Exercise details => With the pictures omitted, print exactly the lines below, from the one containing "シンク、ワークトップはベージ" through the one containing "途中たばこの吸い殻があちこちに、、、乾燥するこの時期ポイ捨ては本当に危険です。", and nothing else.

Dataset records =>
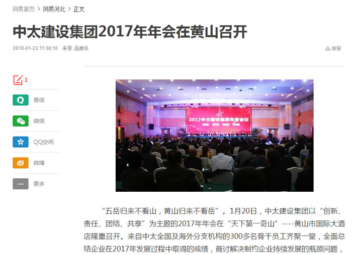 網(wǎng)易報道了“中太建設集團2017年年會(huì )在黃山召開(kāi)”
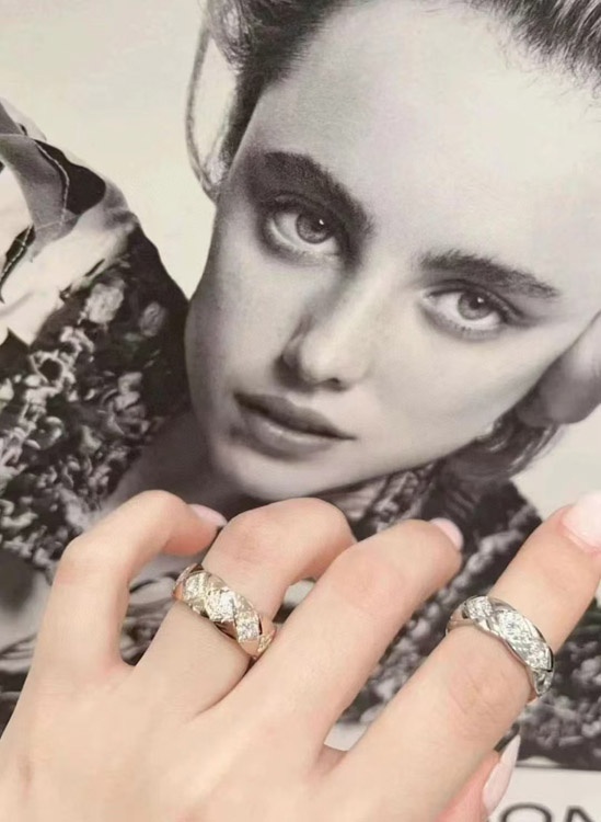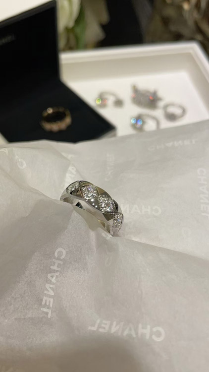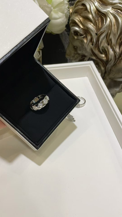 Chanel diamond pattern white gold ring-3753
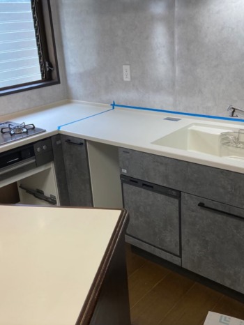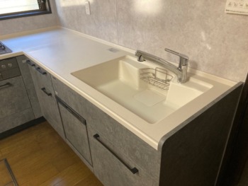 シンク、ワークトップはベージュのアクリル人工大理石を設置。お洒落度、清潔感が上がりました。
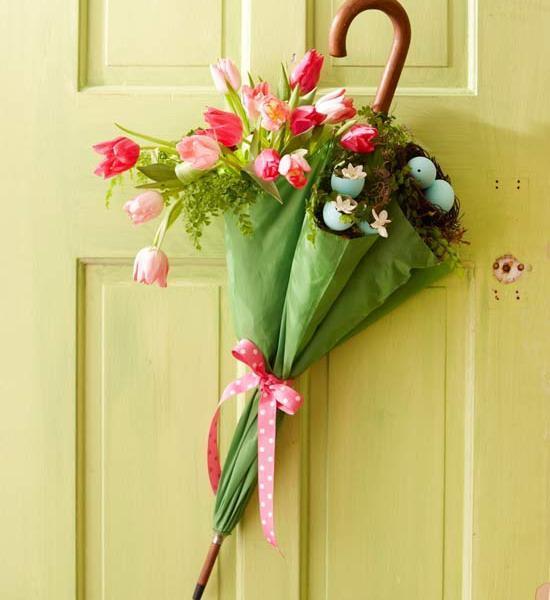 Colorful Easter decorations created with eggs, fabrics and spring flowers look festive and spectacular on doors, walls and holiday tables. Creative simple Easter ideas bring out the best, creating a wonderful atmosphere and inviting holiday tables in spring homes.
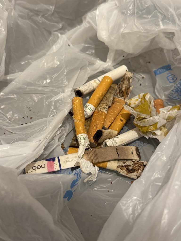 途中たばこの吸い殻があちこちに、、、乾燥するこの時期ポイ捨ては本当に危険です。
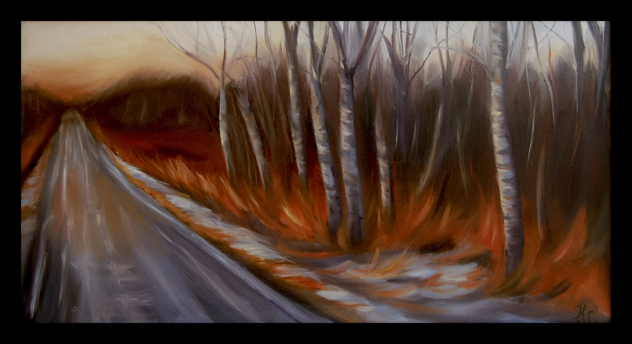 Lately we have been on a Robert Frost kick, so I leave you with a painting I did in college and the poem that inspired it.  Read it while you do some static lunges with arm curls and I promise both will be enriched.

Task answer =>
 シンク、ワークトップはベージュのアクリル人工大理石を設置。お洒落度、清潔感が上がりました。
 Colorful Easter decorations created with eggs, fabrics and spring flowers look festive and spectacular on doors, walls and holiday tables. Creative simple Easter ideas bring out the best, creating a wonderful atmosphere and inviting holiday tables in spring homes.
 途中たばこの吸い殻があちこちに、、、乾燥するこの時期ポイ捨ては本当に危険です。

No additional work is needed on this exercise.